Tuesday, March 07, 2006

Velatorios

Ahora que una cohorte de periodistas necrófagos tienden el cuello hacia las quijadas –y también las ijadas– de Rocío Jurado con la misma actitud, levemente distante, incluso un poco aristocrática, de una pandilla de buitres en torno a una hiena famélica, me acuerdo de la primera vez que tuve que cubrir una muerte. Fue la de Lola Flores.

La familia, a instancias de la muerta, exhibió su cadáver como unas santas reliquias mientras el pueblo de Madrid –esa entelequia zarrapastrosa compuesta por gentes que lo mismo hacen cola ante el féretro de Franco que siguen en peregrinación en el ataúd de Tierno Galván– se arracimaba, en sentido nada literal, en torno a la minúscula entrada del Centro Cultural de la Villa.

–¿De verdad tengo que ir?

La expresión de mi jefa por aquella época, una periodista esclava de la mecha desde hace 20 años, fue de lo más inflexible. Sí, tenía que ir.

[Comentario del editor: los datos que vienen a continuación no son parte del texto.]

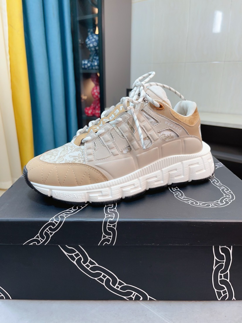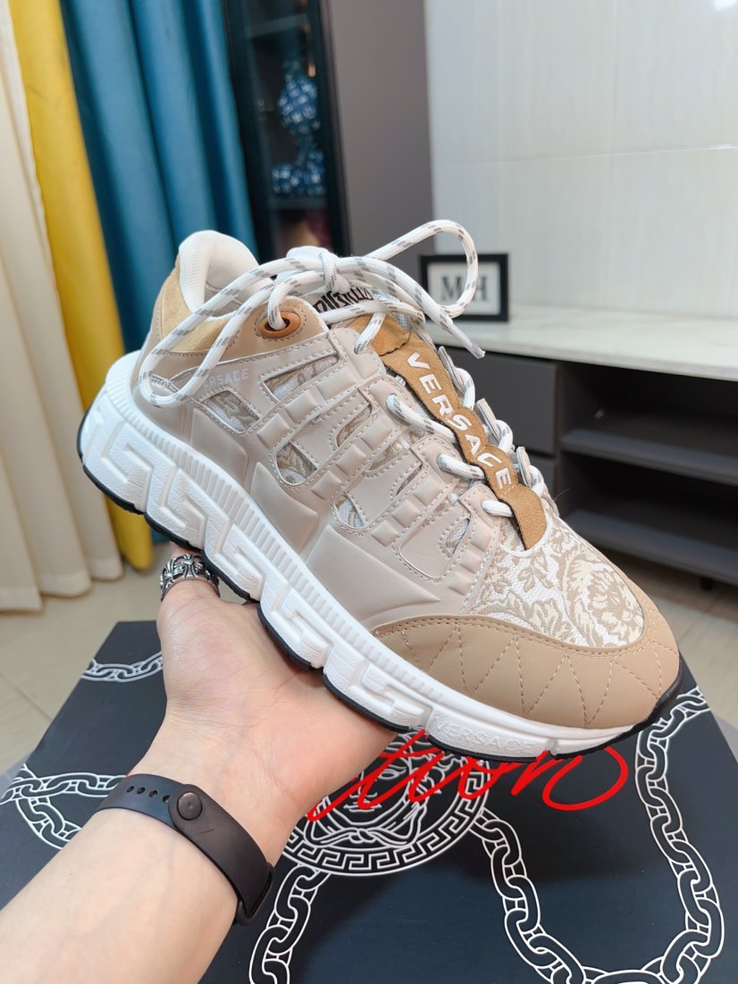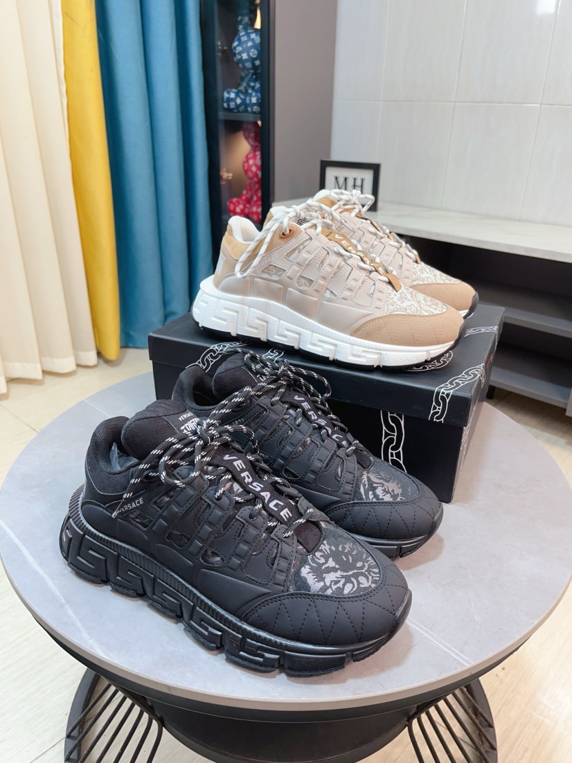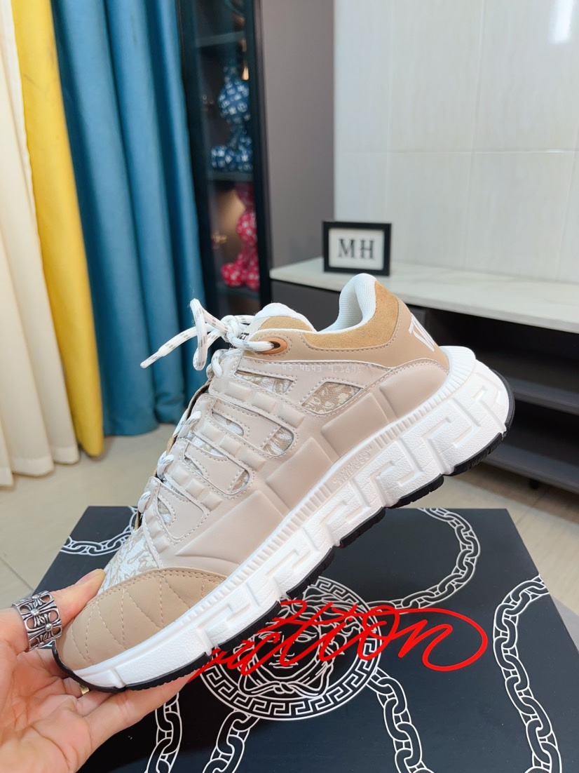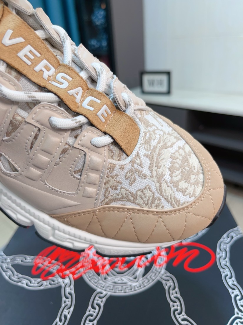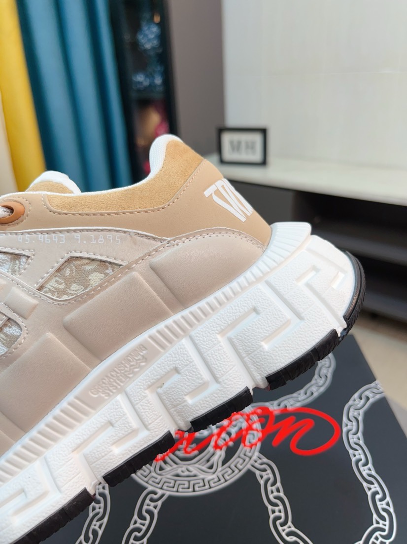 这款鞋子是AAAAA 1:1 质量 (非常棒). 使用了和原版一模一样的材料. 商标部分也保持了和范思哲/Versace一样. 图片拍摄是实物鞋子拍摄, 您所收到的实物保证和我们图片一模一样.

Cogí un taxi que me tuvo que dejar en las inmediaciones, ya que era prácticamente imposible acceder a aquel cafarnaum grotesco compuesto, básicamente, por la hez de la sociedad. La expresión “una barrera infranqueable” nunca ha sido tan elocuente. Después de pelearme con una representante de la España profunda –siempre y cuando consideremos que las cloacas son un ejemplo de costumbrismo cañí– y zafarme de unas garras que parecían escapadas de un remake manchego de Las manos de Orlac, conseguí entrar a las catacumbas. El Centro Cultural de la Villa estaba lleno hasta reventar de celebrities: Cari Lapique, muerta de la risa mientras hablaba por su Motorola hasta que se transformaba en una virgen doliente en cuanto vislumbraba el piloto de una cámara en lontananza; Bibí Andersen, que acudió en calidad de acompañante de su inseparable director-llavero, que se encerró en un cuarto de baño con un amigo suyo que, al parecer, se dedicaba al tráfico de maquillaje; I. P., la innombrable, que no tuvo el menor reparo en meterse el dedo índice en el globo ocular izquierdo para provocarse las lágrimas; las hijas de la finada… Un auténtico retablo de los horrores.

Pero lo peor, con diferencia, eran –éramos– los periodistas. Todos, inclinados sobre el féretro, comentado con actitud Chenoa (“Cuando tú vas / yo vengo de allí…”) el color de las fosas nasales de aquel cadáver, el precio del ataúd, las varices de algún antiguo pilar del régimen… Dábamos escalofríos. Y todos, hablando con un tono untuoso, como melaza untada sobre una tostada francesa, mientras nos dirigíamos unos a otros preguntas retóricas del tipo: “¿Fuiste a la presentación de… o al estreno de…? ¡Qué horror! Seguro que he estado en velatorios más aburriiiiidos, pero ahora no recuerdo cuándo. ¿Te importa apartarte un poquito, bonita? Huy, mira quién ha llegado. Chicas, llegó Fedora”.

Pues bien, ése es exactamente el tono que reconozco cada día en los periodistas que cubren la agonía de La más grande. Las mismas frases hechas, los mismos guiños a la cámara, el mismo tono superficialmente amargo a lo Luna nueva, pero con más caspa… ¡Qué horror!